The median is defined as :

The median is the middle number in a data set.

The way to calculated for a given set of numbers is:

To find the median, list your data points in ascending order and then find the middle number.

Seems to me that if one has an infinite sequence to deal with one could proceed as follows:

1. Read the first number. Set the median to that value.
2. For every subsequent number:
IF number > median THEN increment the median value by 1.
IF number < median THEN decrement the median value by 1.

That process ensures ones running median value always has the same number of previously read inputs that are greater than it as less than it. Which is to say, it is actually the median of the past data at all times.

Or is my logic going wrong somewhere?

1 Like

This would work great if your numbers were integers (and is quite clever). My numbers are floating point numbers, so there is no value equivalent to "1" by which I can increment or decrement the estimate.

Actually I think my logic is all wrong.

Given the sequence, as in the link I gave, [ 23, 24, 26, 26, 28, 29 , 30, 31, 33, 34 ] my algorithm would just ramp itself up to 34.

Another counterexample is `[0, 1000, 1000, 1000, 1000, 1000, 1000, 1000, 1000, 1000, 1000]`. Here it sets the median to 10.

Use `rand::seq::sample_iter` to randomly sample some of your data as it comes in, and then compute the median of the sample at the end.

Check out chapters 9 and 10 in these lecture notes. They give an algorithm (Munro and Paterson 1980) for finding the median exactly in a streaming fashion, and another one (Greenwald-Khanna) for approximating any quantile.

(Kudos to my old CS professor for including this stuff in the algorithms course I took.)

Edit: the presentation of the Munro-Paterson algorithm is phrased in terms of integers; not sure whether that's essential or whether you can just plug in floating-point values. But it looks like Greenwald-Khanna is closer to what you're looking for anyway?

7 Likes

That would work if my data were coming from an iterator and there weren't a lot of other things going on in the program. I could look up the algorithm it uses and implement that.

But I'm not sure it's optimal for a given amount of storage, since you're evicting randomly chosen data from your cache, and by evicting outliers you could converge more closely to the true median. (Of course, I didn't ask for an optimal algorithm...)

Back in 1979 we had the task of calculating the Standard Deviation on the fly of the weight of product as a machine produced 10,000 pieces per minute and weighed them. This was impossible using the 8 bit 8080 processors we had. But we managed it with an algorithm like below and some hardware counter help (it was previously done without a processor, just comparator and counter hardware logic):

1. Assume the samples have a Normal Distribution.

2. Maintain a value Sh. Set Sh equal to the value of the first sample.

3. For every new sample:
IF the sample is greater than Sh THEN increment S by 1.
IF there has been 13 samples (not necessarily consecutive) less than S THEN decrement Sh by 1. (reset that 13 count back to 0)

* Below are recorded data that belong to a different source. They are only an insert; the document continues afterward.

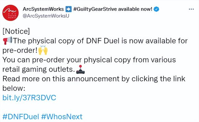 由亚克系统(Arc System Works)使用虚幻引擎开发的,著名网游IP《地下城与勇士》所改编的格斗游戏《地下城与勇士:决斗(DNF Duel)》将于今年6月发售,官方日前在推特发文宣布开启游戏PS5、PS4版本预购,目前本作实体版在亚马逊售价49.99美元。
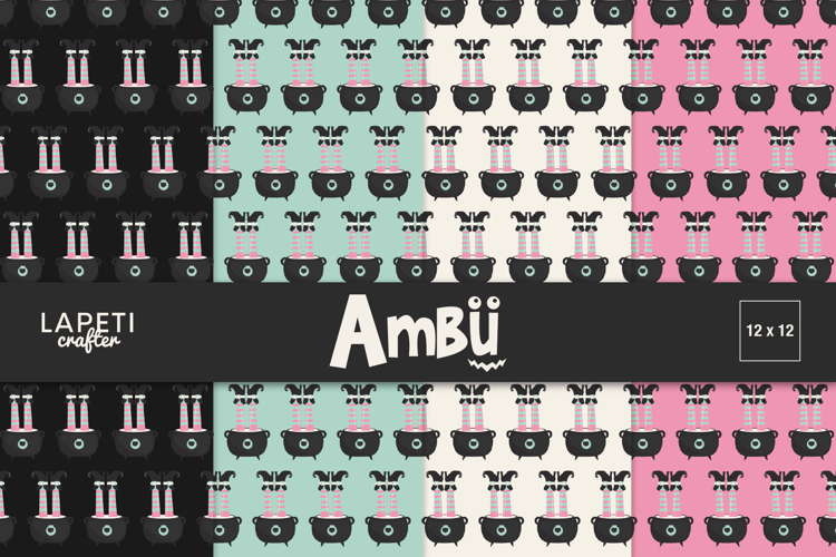 Part of the Ambü Collection, a pastel Halloween set featuring kawaii witches, cauldrons, hats and skirts with striped stockings. The perfect mix of cute and spooky for your seasonal designs.
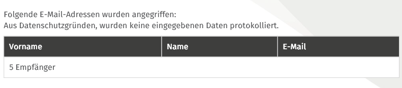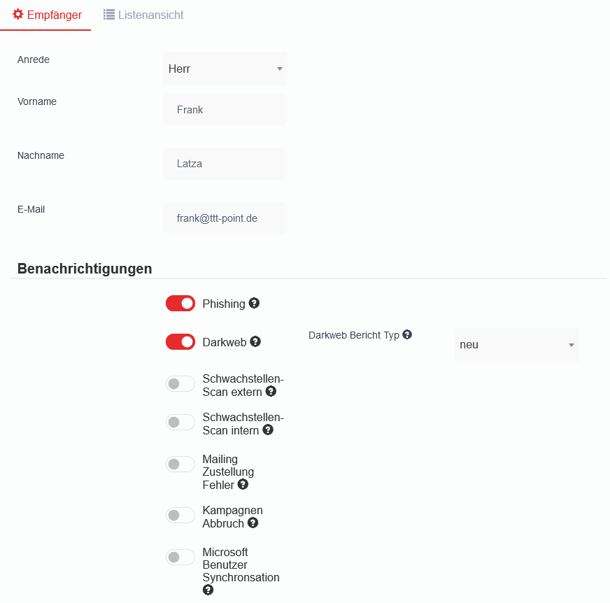 | Kontaktbuch Einzeln | IT Frank Gruber Lara Wuttke Ramona Haupt | Aus- oder Abwahl einzelner Mitarbeiter für den Darkweb-Scan | ![]() |
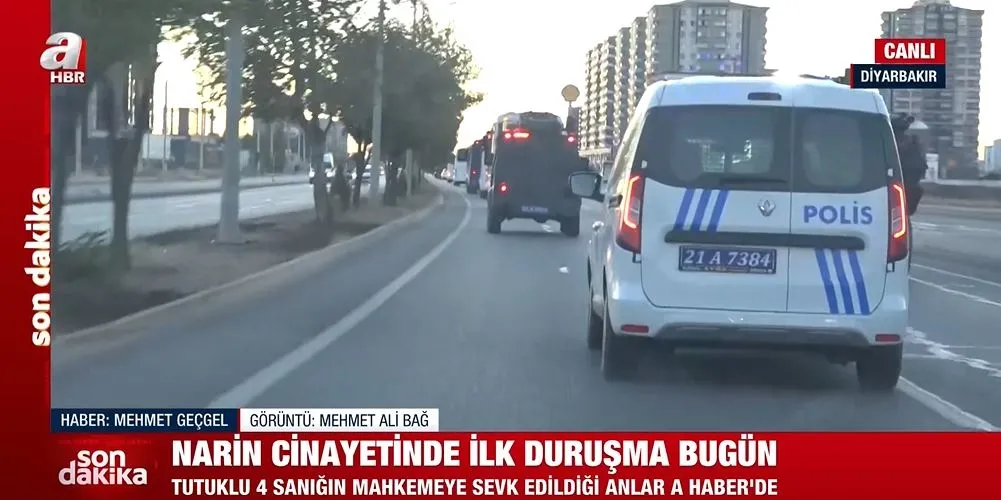 Diyarbakır'da kaybolduktan 19 gün sonra cansız bedeni Eğertutmaz Deresi kenarında bulunan 8 yaşındaki Narin Güran cinayetinde ilk duruşma için tutuklu sanıklar Diyarbakır Adliyesi'ne getirildi. O anları A Haber canlı olarak takip etti.

Now, given the samples are kind of random, not some degenerate sequence, Sh will wonder around. Sh will mark a point on high tail of the normal curve where the area below the curve is 13 times greater on the low side than the high side.

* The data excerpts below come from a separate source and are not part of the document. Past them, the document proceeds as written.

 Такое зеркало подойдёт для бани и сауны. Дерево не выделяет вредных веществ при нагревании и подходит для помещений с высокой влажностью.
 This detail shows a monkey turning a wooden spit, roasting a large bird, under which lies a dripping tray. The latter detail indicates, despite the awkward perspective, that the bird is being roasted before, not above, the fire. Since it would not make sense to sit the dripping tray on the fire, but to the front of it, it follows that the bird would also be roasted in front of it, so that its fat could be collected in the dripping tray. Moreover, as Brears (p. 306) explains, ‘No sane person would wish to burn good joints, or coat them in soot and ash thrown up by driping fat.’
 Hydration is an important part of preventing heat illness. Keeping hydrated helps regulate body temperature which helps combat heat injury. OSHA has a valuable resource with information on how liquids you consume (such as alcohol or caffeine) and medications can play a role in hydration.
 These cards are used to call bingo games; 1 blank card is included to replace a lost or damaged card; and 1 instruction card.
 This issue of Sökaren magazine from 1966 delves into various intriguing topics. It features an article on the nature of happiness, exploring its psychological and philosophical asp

Now, do all that the other way around for a value Sl. Sl will then float around and mark a point on the low tail of the curve.

Given the fact that this is a Normal Distribution then the difference between Sh and Sl will be the mean.

Given that we know the areas under those tails is 1/13 the whole area we can arrive at the value of the Standard Deviation (Just a multiply by a constant, the value of which is an exercise for the reader).

Perhaps, maybe, the median can be discerned from all this. No idea.

The downside is that if there is a sudden rise in Standard Deviation in the sequence the calculated value ramps up very quickly, whereas if there is a sudden drop in Standard Deviation it ramps down 13 times more slowly.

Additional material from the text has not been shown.